Гоголь категорически отверг в А. и. мнение, будто «Выбранные места…» — книга вредная: «В книге, несмотря на все ее недостатки, слишком явно выступило желанье добра. Несмотря на многие неопределительные и темные места, главное видно в ней ясно, и после чтения ее приходишь к тому же заключенью, что верховная инстанция всего есть Церковь и разрешенье вопросов жизни — в ней. Стало быть, во всяком случае после книги моей читатель обратится к Церкви, а в Церкви встретит и учителей Церкви, которые укажут, что следует ему взять из моей книги для себя, а может быть, дадут ему наместо моей книги другие — позначительнее, полезнее и для которых он оставит мою книгу, как ученик бросает склады, когда выучится читать по верхам».
В заключение писатель признал, что «путаница и недоразумения», вызванные «Выбранными местами…», «были для меня очень тяжелы, тем более, что я думал, что в книге моей скорей зерно примиренья, а не раздора. Душа моя изнемогла бы от множества упреков, из них многие были так страшны, что не дай их Бог никому получить. Не могу не изъявить также и благодарности тем, которые могли бы также осыпать меня за многое упреками, но которые, почувствовав, что их уже слишком много для немощной натуры человека, рукой скорбящего брата приподняли меня, повелевши ободриться. Бог да вознаградит их: я не знаю выше подвига, как подать руку изнемогшему духом».

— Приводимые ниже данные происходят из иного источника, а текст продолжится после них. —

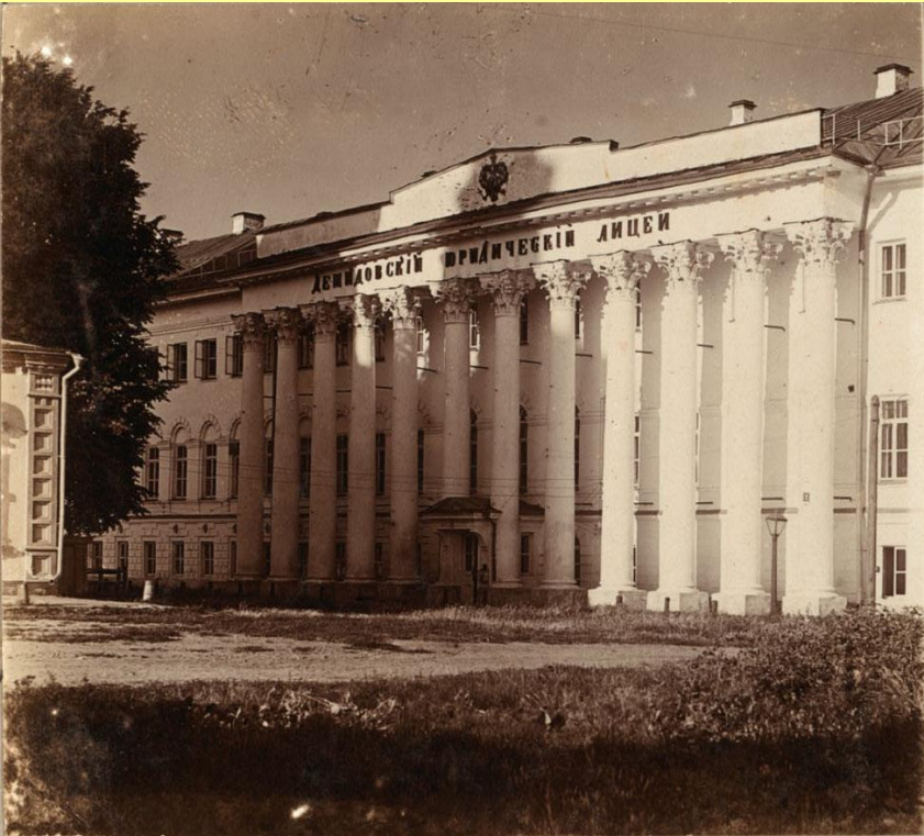
Демидовский лицей. г. Ярославль. 1910 г.

К университетам были приравнены привилегированные средние учебные заведения – лицеи. Первый лицей – Демидовский, основан в 1805 г. в Ярославле. 1809 г. – Ришельевский лицей в Одессе (назван в честь основателя Одессы, герцога А.-Э. Ришелье, царского наместника на юге, французского эмигранта). 1811 г. – Царскосельский лицей.

АКСАКОВ Иван Сергеевич (1823–1886),
младший сын С. Т. Аксакова, поэт и публицист-славянофил, издатель еженедельной газеты «Русь». Во второй половине 1840-х годов служил членом уголовной палаты в Калуге. Как и все семейство Аксаковых, дружески относился к Гоголю.
16 ноября 1844 г. С. Т. Аксаков писал Гоголю, что, участвуя в астраханской ревизии князя П. П. Гагарина, А. «действовал с неожиданным, изумительным даже для меня достоинством мужа, а не юноши». Гоголь в связи с этим ответил С. Т. Аксакову 20 декабря н. ст. 1844 г. из Франкфурта: «Жаль, что вы не описали, каким образом подвизался на ревизии Иван Сергеевич, хотя я уверен, что весьма умно, и внутренно обрадовался вашему прибавлению: с достоинством мужа. Но все-таки скажите и Ивану Сергеевичу, что если он будет сметлив и поступит таким образом (на какое бы ни послали следствие), что все до единого — и невинные, и даже виноватые, и честные, и взяточники — будут им довольны, то этот подвиг еще будет выше того, если бы только одни оправданные были довольны. В теперешнее время слишком много разбирать и рассматривать взяточников; иногда они бывают не совсем дурные люди, даже такие, которых может подвигнуть доброе увещание, особенно если сколько-нибудь его узнаем во всех его обстоятельствах, как семейных, так и всяких других; если к тому в прибавку узнаем природу человека вообще и потом в особенности природу русского человека и если вследствие всего этого узнаем, как его попрекнуть, пожурить или даже ругнуть таким образом, что он еще сам скажет спасибо, — и он сделает много добра. Иван Сергеевич смекнет (а может быть, отчасти он уже и смекнул), что действовать умирительно еще действительней, чем распекательно, и что внушить повсюду отвагу на добрые дела впредь еще лучше, чем картинное дело свое собственное, и что заставить человека даже плутоватого сделать доброе дело еще картиннее, чем заставить доброго сделать доброе дело, — словом, если он всё это смекнет, то наделает много добра».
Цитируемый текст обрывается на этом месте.